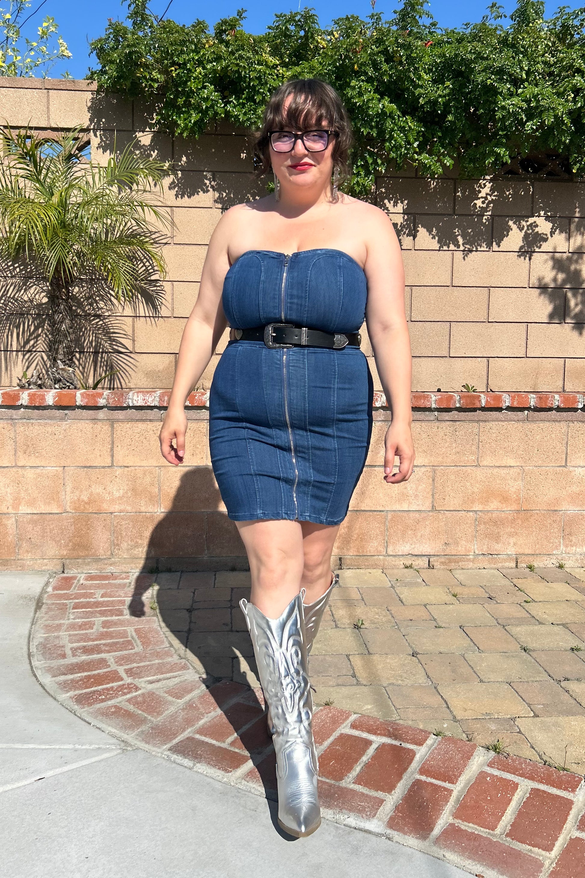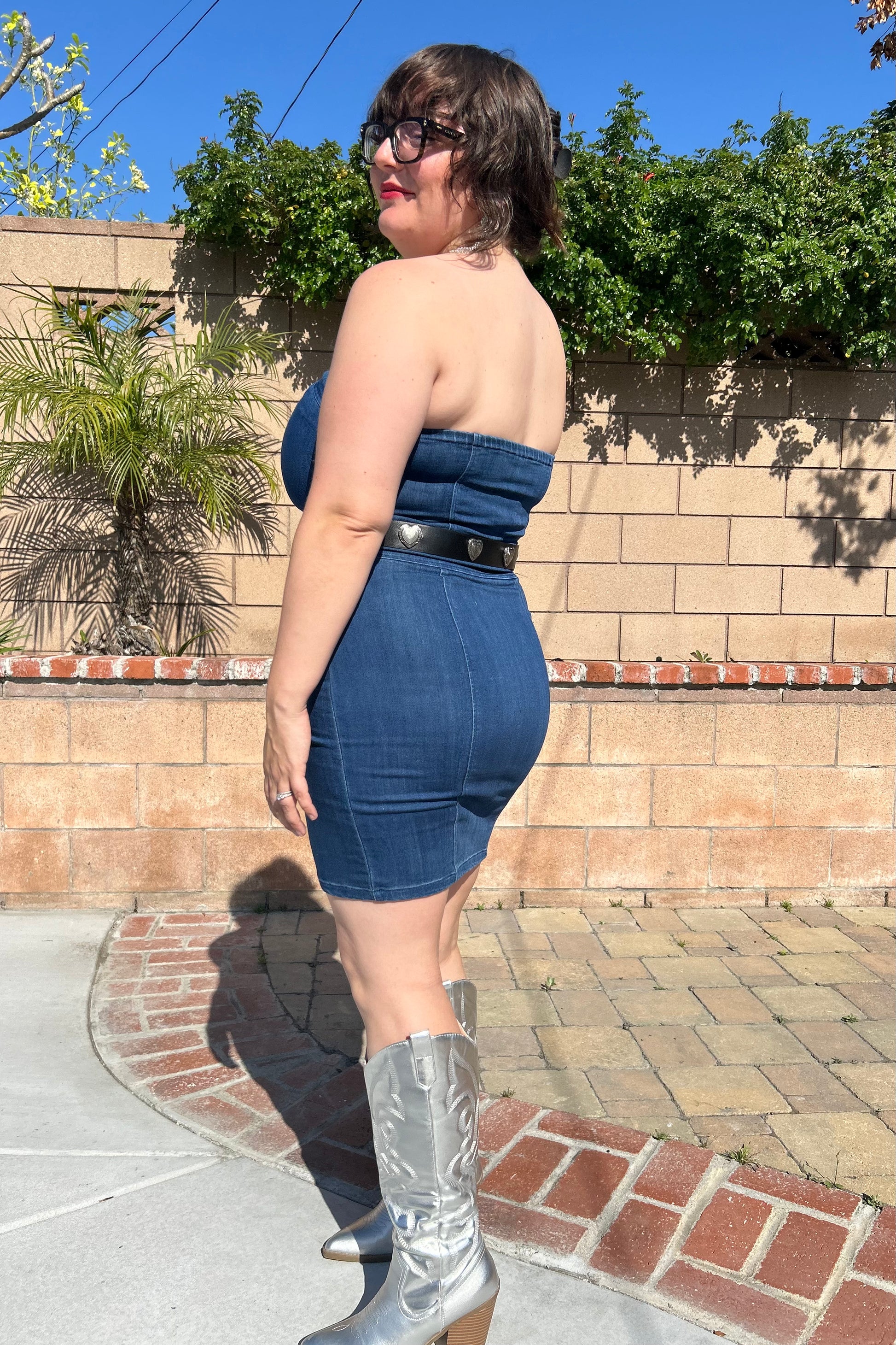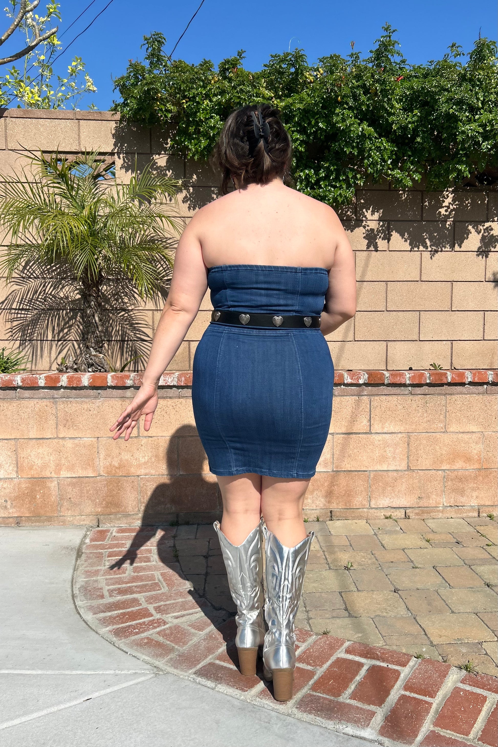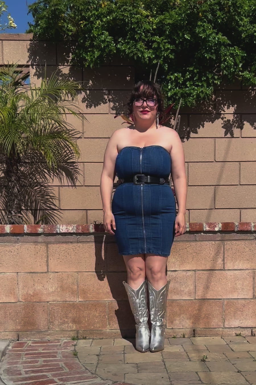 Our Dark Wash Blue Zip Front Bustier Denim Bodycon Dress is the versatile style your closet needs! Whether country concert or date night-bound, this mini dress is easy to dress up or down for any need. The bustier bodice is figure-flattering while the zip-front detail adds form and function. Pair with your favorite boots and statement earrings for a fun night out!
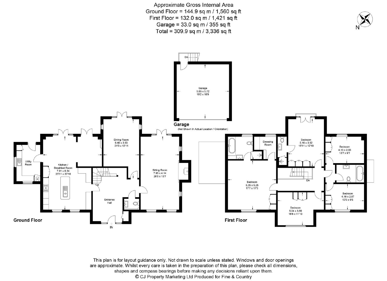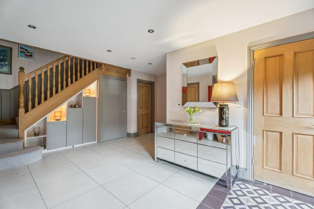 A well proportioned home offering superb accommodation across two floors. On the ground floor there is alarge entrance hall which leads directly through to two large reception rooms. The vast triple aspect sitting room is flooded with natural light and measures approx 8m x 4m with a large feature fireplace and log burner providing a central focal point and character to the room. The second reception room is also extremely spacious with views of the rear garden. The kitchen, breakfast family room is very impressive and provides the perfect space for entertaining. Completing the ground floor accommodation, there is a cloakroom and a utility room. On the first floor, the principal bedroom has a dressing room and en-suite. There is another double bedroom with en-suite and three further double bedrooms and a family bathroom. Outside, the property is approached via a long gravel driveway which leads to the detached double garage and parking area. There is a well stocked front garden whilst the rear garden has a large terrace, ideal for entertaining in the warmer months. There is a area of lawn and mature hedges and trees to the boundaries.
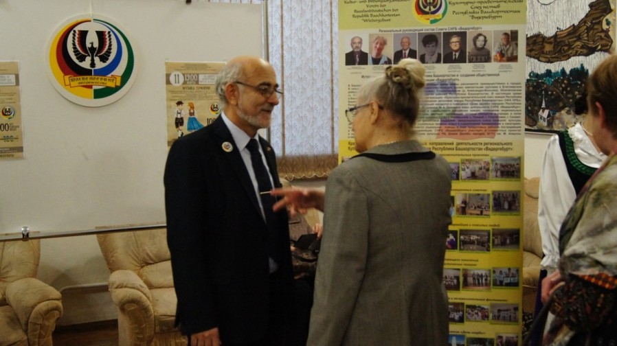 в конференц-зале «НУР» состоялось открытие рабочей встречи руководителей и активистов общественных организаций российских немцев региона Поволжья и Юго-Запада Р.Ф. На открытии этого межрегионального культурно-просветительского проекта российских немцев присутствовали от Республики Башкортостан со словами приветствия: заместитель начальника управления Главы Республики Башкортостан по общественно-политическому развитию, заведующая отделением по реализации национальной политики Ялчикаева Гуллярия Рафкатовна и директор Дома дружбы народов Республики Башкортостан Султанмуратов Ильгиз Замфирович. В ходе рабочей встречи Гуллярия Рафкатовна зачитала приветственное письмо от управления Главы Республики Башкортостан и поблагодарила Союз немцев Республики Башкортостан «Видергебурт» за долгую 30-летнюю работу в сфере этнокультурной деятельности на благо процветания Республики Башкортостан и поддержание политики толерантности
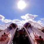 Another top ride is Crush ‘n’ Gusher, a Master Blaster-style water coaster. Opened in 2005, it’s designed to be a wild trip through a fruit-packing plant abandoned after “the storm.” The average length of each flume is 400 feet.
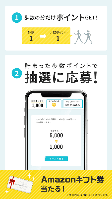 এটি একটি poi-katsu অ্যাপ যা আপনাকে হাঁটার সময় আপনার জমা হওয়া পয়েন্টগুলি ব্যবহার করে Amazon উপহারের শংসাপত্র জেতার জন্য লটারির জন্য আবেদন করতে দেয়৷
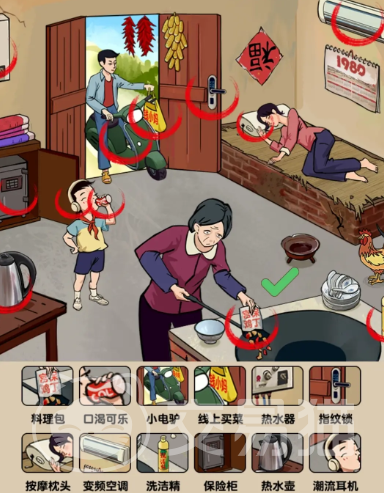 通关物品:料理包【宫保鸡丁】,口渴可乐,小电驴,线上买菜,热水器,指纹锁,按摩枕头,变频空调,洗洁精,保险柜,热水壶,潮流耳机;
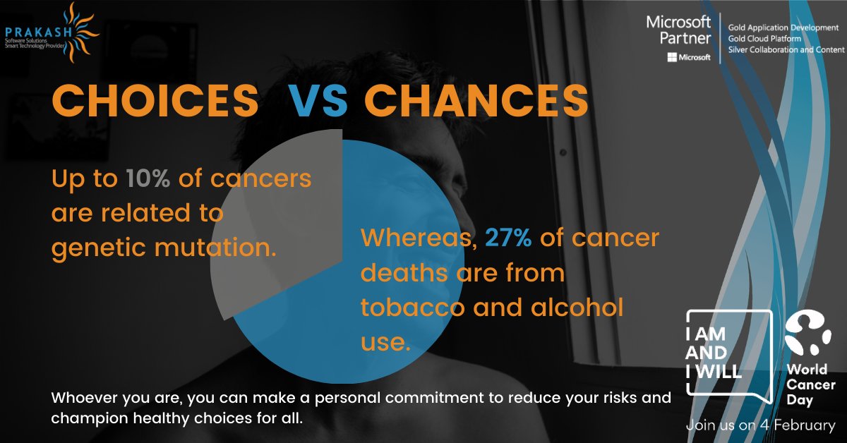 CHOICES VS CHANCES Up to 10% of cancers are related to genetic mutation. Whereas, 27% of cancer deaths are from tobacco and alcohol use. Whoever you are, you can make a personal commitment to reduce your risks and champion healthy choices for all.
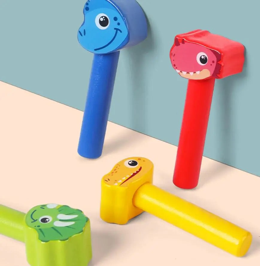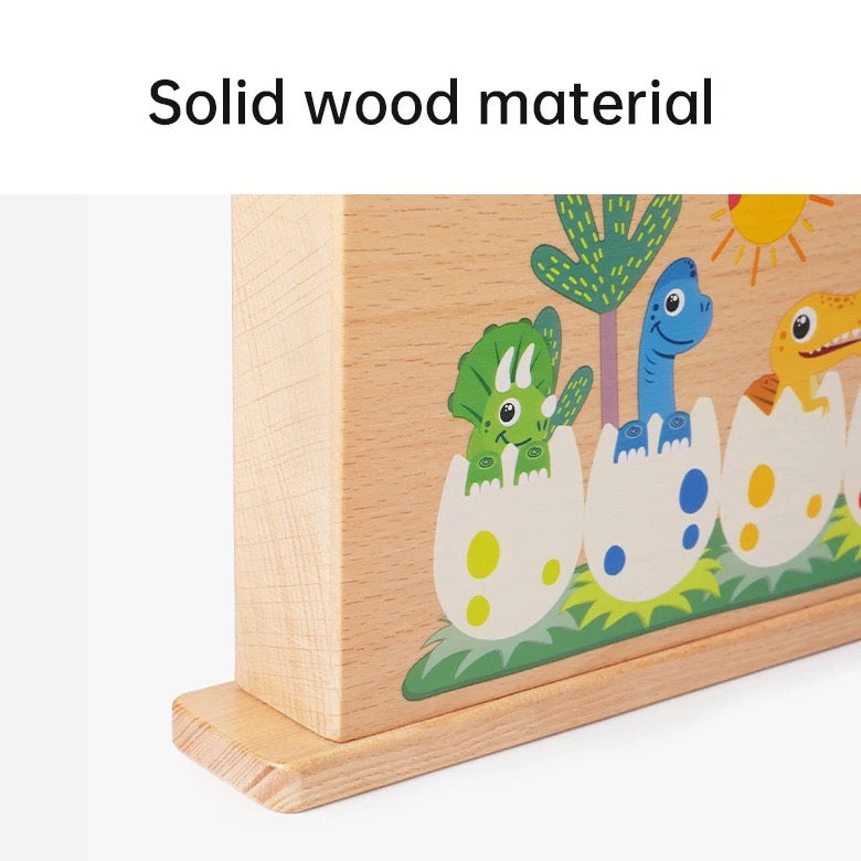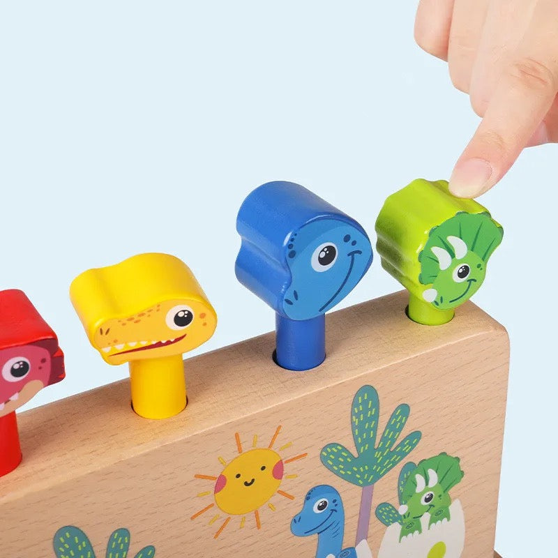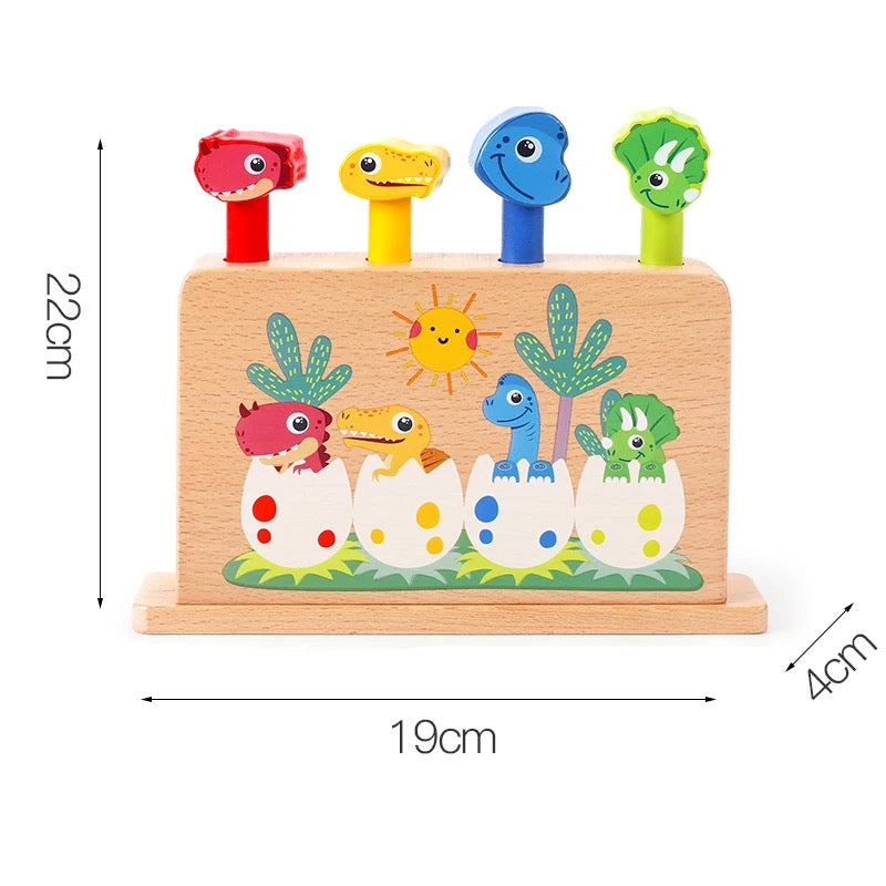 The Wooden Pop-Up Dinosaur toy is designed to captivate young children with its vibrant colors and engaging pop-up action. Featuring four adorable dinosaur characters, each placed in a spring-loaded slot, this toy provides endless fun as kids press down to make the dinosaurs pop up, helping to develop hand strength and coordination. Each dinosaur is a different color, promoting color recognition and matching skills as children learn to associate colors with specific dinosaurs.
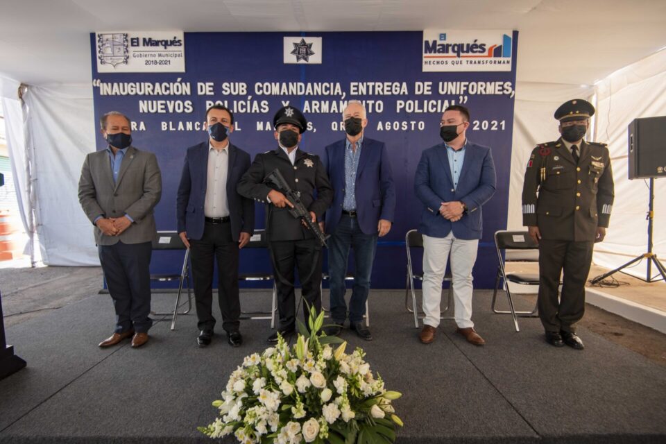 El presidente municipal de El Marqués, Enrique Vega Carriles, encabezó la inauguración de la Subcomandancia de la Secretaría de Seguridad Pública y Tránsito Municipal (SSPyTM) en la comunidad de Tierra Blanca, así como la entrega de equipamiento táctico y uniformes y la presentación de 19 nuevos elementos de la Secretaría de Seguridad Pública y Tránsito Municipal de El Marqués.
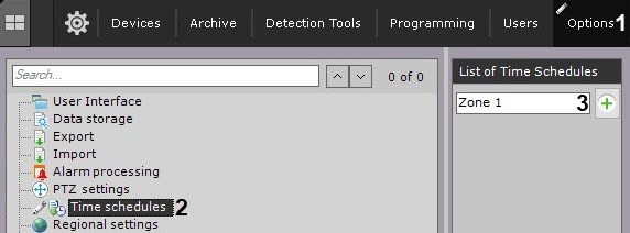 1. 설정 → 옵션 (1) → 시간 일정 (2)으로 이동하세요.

----------------

# [Task goal]
Could you return all of the entries above exactly, without any images?

# [Response to the exercise]
 Our Dark Wash Blue Zip Front Bustier Denim Bodycon Dress is the versatile style your closet needs! Whether country concert or date night-bound, this mini dress is easy to dress up or down for any need. The bustier bodice is figure-flattering while the zip-front detail adds form and function. Pair with your favorite boots and statement earrings for a fun night out!
 A well proportioned home offering superb accommodation across two floors. On the ground floor there is alarge entrance hall which leads directly through to two large reception rooms. The vast triple aspect sitting room is flooded with natural light and measures approx 8m x 4m with a large feature fireplace and log burner providing a central focal point and character to the room. The second reception room is also extremely spacious with views of the rear garden. The kitchen, breakfast family room is very impressive and provides the perfect space for entertaining. Completing the ground floor accommodation, there is a cloakroom and a utility room. On the first floor, the principal bedroom has a dressing room and en-suite. There is another double bedroom with en-suite and three further double bedrooms and a family bathroom. Outside, the property is approached via a long gravel driveway which leads to the detached double garage and parking area. There is a well stocked front garden whilst the rear garden has a large terrace, ideal for entertaining in the warmer months. There is a area of lawn and mature hedges and trees to the boundaries.
 в конференц-зале «НУР» состоялось открытие рабочей встречи руководителей и активистов общественных организаций российских немцев региона Поволжья и Юго-Запада Р.Ф. На открытии этого межрегионального культурно-просветительского проекта российских немцев присутствовали от Республики Башкортостан со словами приветствия: заместитель начальника управления Главы Республики Башкортостан по общественно-политическому развитию, заведующая отделением по реализации национальной политики Ялчикаева Гуллярия Рафкатовна и директор Дома дружбы народов Республики Башкортостан Султанмуратов Ильгиз Замфирович. В ходе рабочей встречи Гуллярия Рафкатовна зачитала приветственное письмо от управления Главы Республики Башкортостан и поблагодарила Союз немцев Республики Башкортостан «Видергебурт» за долгую 30-летнюю работу в сфере этнокультурной деятельности на благо процветания Республики Башкортостан и поддержание политики толерантности
 Another top ride is Crush ‘n’ Gusher, a Master Blaster-style water coaster. Opened in 2005, it’s designed to be a wild trip through a fruit-packing plant abandoned after “the storm.” The average length of each flume is 400 feet.
 এটি একটি poi-katsu অ্যাপ যা আপনাকে হাঁটার সময় আপনার জমা হওয়া পয়েন্টগুলি ব্যবহার করে Amazon উপহারের শংসাপত্র জেতার জন্য লটারির জন্য আবেদন করতে দেয়৷
 通关物品:料理包【宫保鸡丁】,口渴可乐,小电驴,线上买菜,热水器,指纹锁,按摩枕头,变频空调,洗洁精,保险柜,热水壶,潮流耳机;
 CHOICES VS CHANCES Up to 10% of cancers are related to genetic mutation. Whereas, 27% of cancer deaths are from tobacco and alcohol use. Whoever you are, you can make a personal commitment to reduce your risks and champion healthy choices for all.
 The Wooden Pop-Up Dinosaur toy is designed to captivate young children with its vibrant colors and engaging pop-up action. Featuring four adorable dinosaur characters, each placed in a spring-loaded slot, this toy provides endless fun as kids press down to make the dinosaurs pop up, helping to develop hand strength and coordination. Each dinosaur is a different color, promoting color recognition and matching skills as children learn to associate colors with specific dinosaurs.
 El presidente municipal de El Marqués, Enrique Vega Carriles, encabezó la inauguración de la Subcomandancia de la Secretaría de Seguridad Pública y Tránsito Municipal (SSPyTM) en la comunidad de Tierra Blanca, así como la entrega de equipamiento táctico y uniformes y la presentación de 19 nuevos elementos de la Secretaría de Seguridad Pública y Tránsito Municipal de El Marqués.
 1. 설정 → 옵션 (1) → 시간 일정 (2)으로 이동하세요.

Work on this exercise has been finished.